_Task item:_ What you return should be the entries, unchanged, without their pictures.

Data entries:
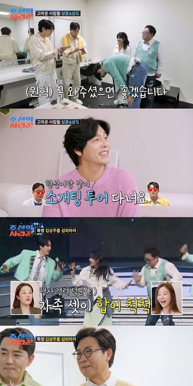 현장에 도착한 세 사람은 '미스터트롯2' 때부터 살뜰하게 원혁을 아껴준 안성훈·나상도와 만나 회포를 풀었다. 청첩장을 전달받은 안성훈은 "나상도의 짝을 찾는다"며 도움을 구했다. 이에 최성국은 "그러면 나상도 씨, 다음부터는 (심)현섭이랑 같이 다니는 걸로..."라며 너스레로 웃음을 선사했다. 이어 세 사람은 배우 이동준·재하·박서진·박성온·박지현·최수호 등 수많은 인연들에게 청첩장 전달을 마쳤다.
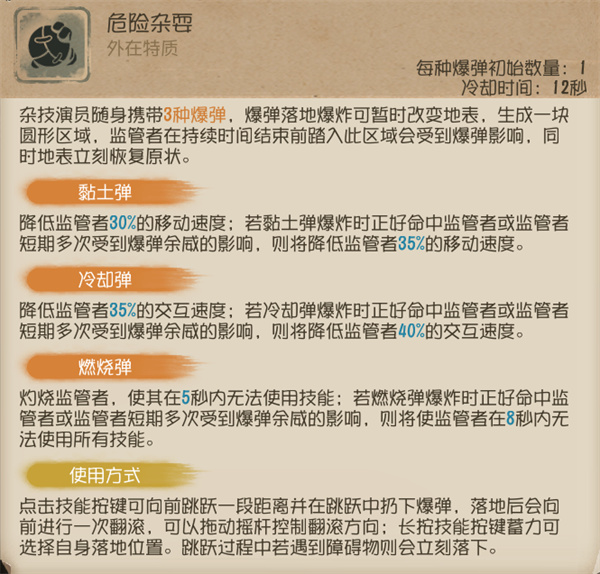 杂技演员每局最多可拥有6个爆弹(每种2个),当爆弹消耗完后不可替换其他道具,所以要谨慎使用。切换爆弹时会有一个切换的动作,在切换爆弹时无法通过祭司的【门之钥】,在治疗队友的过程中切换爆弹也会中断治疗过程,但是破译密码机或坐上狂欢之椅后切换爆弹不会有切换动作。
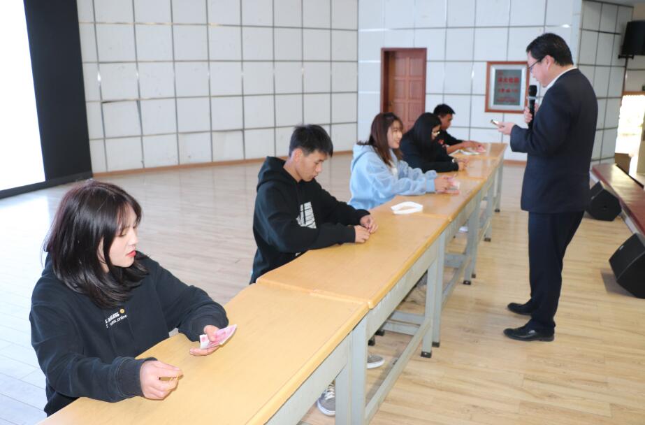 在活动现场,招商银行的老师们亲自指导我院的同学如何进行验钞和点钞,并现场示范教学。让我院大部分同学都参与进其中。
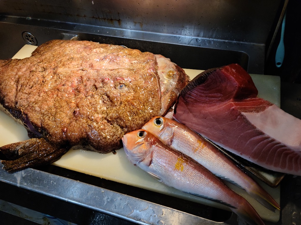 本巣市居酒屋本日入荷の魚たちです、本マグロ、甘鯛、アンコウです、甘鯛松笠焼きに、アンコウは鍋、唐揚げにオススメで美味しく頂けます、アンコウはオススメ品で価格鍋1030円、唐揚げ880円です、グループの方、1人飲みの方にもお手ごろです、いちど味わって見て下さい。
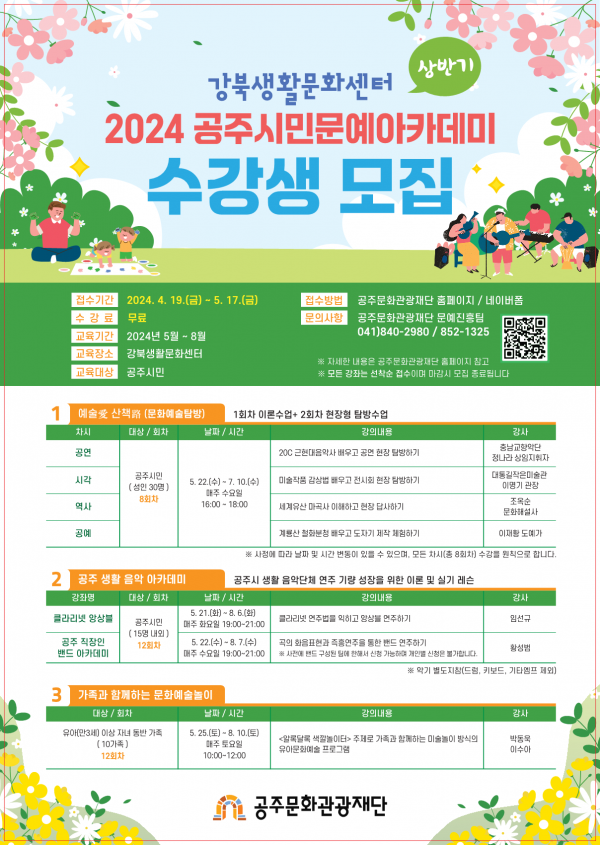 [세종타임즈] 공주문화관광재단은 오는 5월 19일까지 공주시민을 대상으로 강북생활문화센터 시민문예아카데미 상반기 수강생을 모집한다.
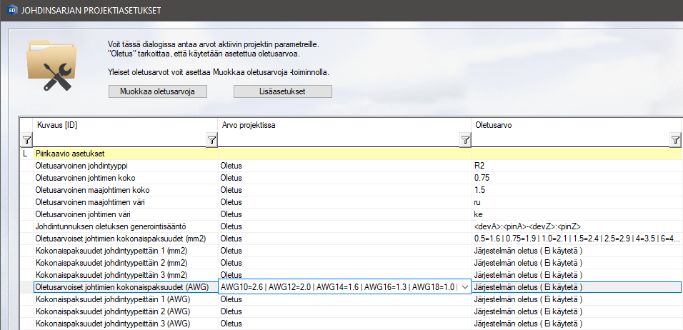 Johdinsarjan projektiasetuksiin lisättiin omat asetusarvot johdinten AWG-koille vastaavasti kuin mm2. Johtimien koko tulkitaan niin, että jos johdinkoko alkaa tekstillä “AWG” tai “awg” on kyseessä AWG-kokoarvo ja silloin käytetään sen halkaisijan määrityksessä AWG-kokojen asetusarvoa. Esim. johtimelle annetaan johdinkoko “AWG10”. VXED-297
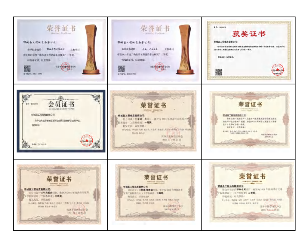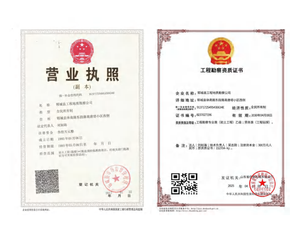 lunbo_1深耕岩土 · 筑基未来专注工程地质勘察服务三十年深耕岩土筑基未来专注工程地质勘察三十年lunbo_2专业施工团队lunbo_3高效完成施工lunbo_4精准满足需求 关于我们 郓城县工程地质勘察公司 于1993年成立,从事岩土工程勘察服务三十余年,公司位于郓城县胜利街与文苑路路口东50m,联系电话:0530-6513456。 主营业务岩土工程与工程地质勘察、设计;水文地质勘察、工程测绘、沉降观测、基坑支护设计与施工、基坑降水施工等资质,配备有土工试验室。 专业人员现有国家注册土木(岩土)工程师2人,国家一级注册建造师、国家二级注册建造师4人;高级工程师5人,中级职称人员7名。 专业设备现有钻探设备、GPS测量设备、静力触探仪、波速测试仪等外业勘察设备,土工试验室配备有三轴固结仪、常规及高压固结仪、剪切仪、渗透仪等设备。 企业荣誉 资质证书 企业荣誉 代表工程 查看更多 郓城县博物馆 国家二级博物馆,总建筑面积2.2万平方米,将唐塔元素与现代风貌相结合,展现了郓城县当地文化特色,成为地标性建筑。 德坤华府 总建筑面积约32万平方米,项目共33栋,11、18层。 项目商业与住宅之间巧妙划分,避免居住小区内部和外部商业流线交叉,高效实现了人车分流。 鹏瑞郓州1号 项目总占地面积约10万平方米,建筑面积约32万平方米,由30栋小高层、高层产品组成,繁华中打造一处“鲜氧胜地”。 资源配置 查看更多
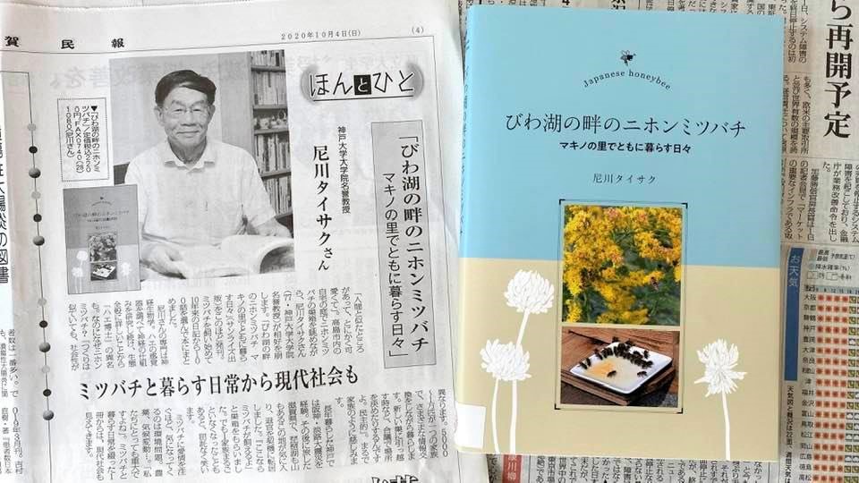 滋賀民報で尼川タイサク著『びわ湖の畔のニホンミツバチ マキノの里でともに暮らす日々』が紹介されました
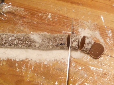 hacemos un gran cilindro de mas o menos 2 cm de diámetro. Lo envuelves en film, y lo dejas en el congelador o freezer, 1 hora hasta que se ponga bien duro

_Answer for the task:_
 현장에 도착한 세 사람은 '미스터트롯2' 때부터 살뜰하게 원혁을 아껴준 안성훈·나상도와 만나 회포를 풀었다. 청첩장을 전달받은 안성훈은 "나상도의 짝을 찾는다"며 도움을 구했다. 이에 최성국은 "그러면 나상도 씨, 다음부터는 (심)현섭이랑 같이 다니는 걸로..."라며 너스레로 웃음을 선사했다. 이어 세 사람은 배우 이동준·재하·박서진·박성온·박지현·최수호 등 수많은 인연들에게 청첩장 전달을 마쳤다.
 杂技演员每局最多可拥有6个爆弹(每种2个),当爆弹消耗完后不可替换其他道具,所以要谨慎使用。切换爆弹时会有一个切换的动作,在切换爆弹时无法通过祭司的【门之钥】,在治疗队友的过程中切换爆弹也会中断治疗过程,但是破译密码机或坐上狂欢之椅后切换爆弹不会有切换动作。
 在活动现场,招商银行的老师们亲自指导我院的同学如何进行验钞和点钞,并现场示范教学。让我院大部分同学都参与进其中。
 本巣市居酒屋本日入荷の魚たちです、本マグロ、甘鯛、アンコウです、甘鯛松笠焼きに、アンコウは鍋、唐揚げにオススメで美味しく頂けます、アンコウはオススメ品で価格鍋1030円、唐揚げ880円です、グループの方、1人飲みの方にもお手ごろです、いちど味わって見て下さい。
 [세종타임즈] 공주문화관광재단은 오는 5월 19일까지 공주시민을 대상으로 강북생활문화센터 시민문예아카데미 상반기 수강생을 모집한다.
 Johdinsarjan projektiasetuksiin lisättiin omat asetusarvot johdinten AWG-koille vastaavasti kuin mm2. Johtimien koko tulkitaan niin, että jos johdinkoko alkaa tekstillä “AWG” tai “awg” on kyseessä AWG-kokoarvo ja silloin käytetään sen halkaisijan määrityksessä AWG-kokojen asetusarvoa. Esim. johtimelle annetaan johdinkoko “AWG10”. VXED-297
 lunbo_1深耕岩土 · 筑基未来专注工程地质勘察服务三十年深耕岩土筑基未来专注工程地质勘察三十年lunbo_2专业施工团队lunbo_3高效完成施工lunbo_4精准满足需求 关于我们 郓城县工程地质勘察公司 于1993年成立,从事岩土工程勘察服务三十余年,公司位于郓城县胜利街与文苑路路口东50m,联系电话:0530-6513456。 主营业务岩土工程与工程地质勘察、设计;水文地质勘察、工程测绘、沉降观测、基坑支护设计与施工、基坑降水施工等资质,配备有土工试验室。 专业人员现有国家注册土木(岩土)工程师2人,国家一级注册建造师、国家二级注册建造师4人;高级工程师5人,中级职称人员7名。 专业设备现有钻探设备、GPS测量设备、静力触探仪、波速测试仪等外业勘察设备,土工试验室配备有三轴固结仪、常规及高压固结仪、剪切仪、渗透仪等设备。 企业荣誉 资质证书 企业荣誉 代表工程 查看更多 郓城县博物馆 国家二级博物馆,总建筑面积2.2万平方米,将唐塔元素与现代风貌相结合,展现了郓城县当地文化特色,成为地标性建筑。 德坤华府 总建筑面积约32万平方米,项目共33栋,11、18层。 项目商业与住宅之间巧妙划分,避免居住小区内部和外部商业流线交叉,高效实现了人车分流。 鹏瑞郓州1号 项目总占地面积约10万平方米,建筑面积约32万平方米,由30栋小高层、高层产品组成,繁华中打造一处“鲜氧胜地”。 资源配置 查看更多
 滋賀民報で尼川タイサク著『びわ湖の畔のニホンミツバチ マキノの里でともに暮らす日々』が紹介されました
 hacemos un gran cilindro de mas o menos 2 cm de diámetro. Lo envuelves en film, y lo dejas en el congelador o freezer, 1 hora hasta que se ponga bien duro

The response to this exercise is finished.